Hyper Physical Activity Parents
The Hyper Physical Activity Parents are usually parents who were fat children themselves. As a result of this horror, they went right into the nutrition and physical fitness fields. They usually train their children to be Olympic athletes or calorie restrictive, rock climbing, eagle scout, freaks-of-nature. The Hyper Physical Activity Parent is fine in moderation, but when not watched it can go to extremes, resulting in this little Frankenstein…
The Biggest Loser Family
Biggest Loser parents put WAY too much importance on high caloric family meals. If you try to stop them, they say things like, “But, it’s our heritage…LATINOS/ ITALIANS/ NATIVE AMERICANS/ AFRICAN AMERICANS/ WASPS are culturally supposed to eat wheelbarrows full of pasta, fried foods, breads, rice, and lard.” Then Julian Michaels comes along and slaps them all in the face. Soon after the slapping, there is a realization that the Biggest Loser Parents had a stillbirth that no one knew about, and no one talks about, but they did go so far as to name him — For a minute, he was called Enrique. Enrique is buried in the backyard because the family didn’t want their personal pain to become public.
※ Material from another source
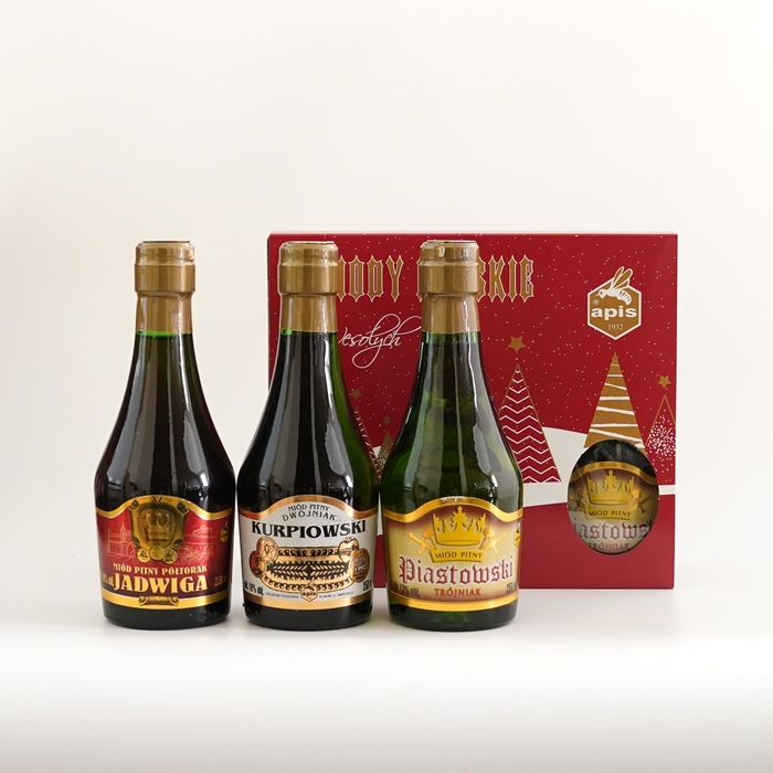 内容:ポーランド国内で人気の高い3種類、高濃度の「ヤドヴィガ」、中濃度の「クルピオフスキ」、あっさりの「ピャストフスキ」が250mlのミニボトルに。蜂蜜の濃度や味わいの違いがよくわかる、お試しや飲み比べのしやすい3本セットです。蜂蜜酒に縁のある17世紀ポーランドの名将が描かれたクラシカルなボックスに、クリスマス限定パッケージが被せられた特別仕様。可愛い見ためでプレゼントにも最適です。

Enrique is the reason everyone in this family is fat, even the 9 year old. The 9 year old who never even knew Enrique existed, but just ate what Mommy and Daddy gave him.
The Professor Parent
I use this example of parenting, constantly with the Wifesy. You see, Wifesy is from the boondocks, just east of Redneck-Ville, north of Hillbilly, Horse Farm. Wifesy is always thinking she’s not smart enough. This is not true. It’s that her parents were not only residents of Redneck-Ville/ Hillbilly-Horse Farm, it’s that they drank the koolaid and walked the walk. They also talked the talk, which means they say things like, “Sumin’a bitch” when what they actually mean is, “Son of a bitch.” As a result, Wifesy has had to work twice as hard for her education. The kids who get the head-start are the children of Professors and Teachers or wannabe Professors and Teachers – The Professor Parents. Professor Parents drill their kids vocabulary and geography at every meal. They have high fallutin’ dinner debates on geophysics. They have square rooting contests for sh*ts and giggles. Everyone knows what an anagram is and they think only lazy people are bilingual. The Professor Parent thinks being a true polyglot is what everyone should strive for.
If you have Professor Parents you eventually become Barack Obama or an extremely eloquent crack whore because even when you parent with the best of intentions, a lot of this sh*t is way out of your control. Sometimes the best you can do is rule with an iron fist wrapped in soft bunny fur and then sit back and pray. That’s my childless theory anyway, so what the hell do I know?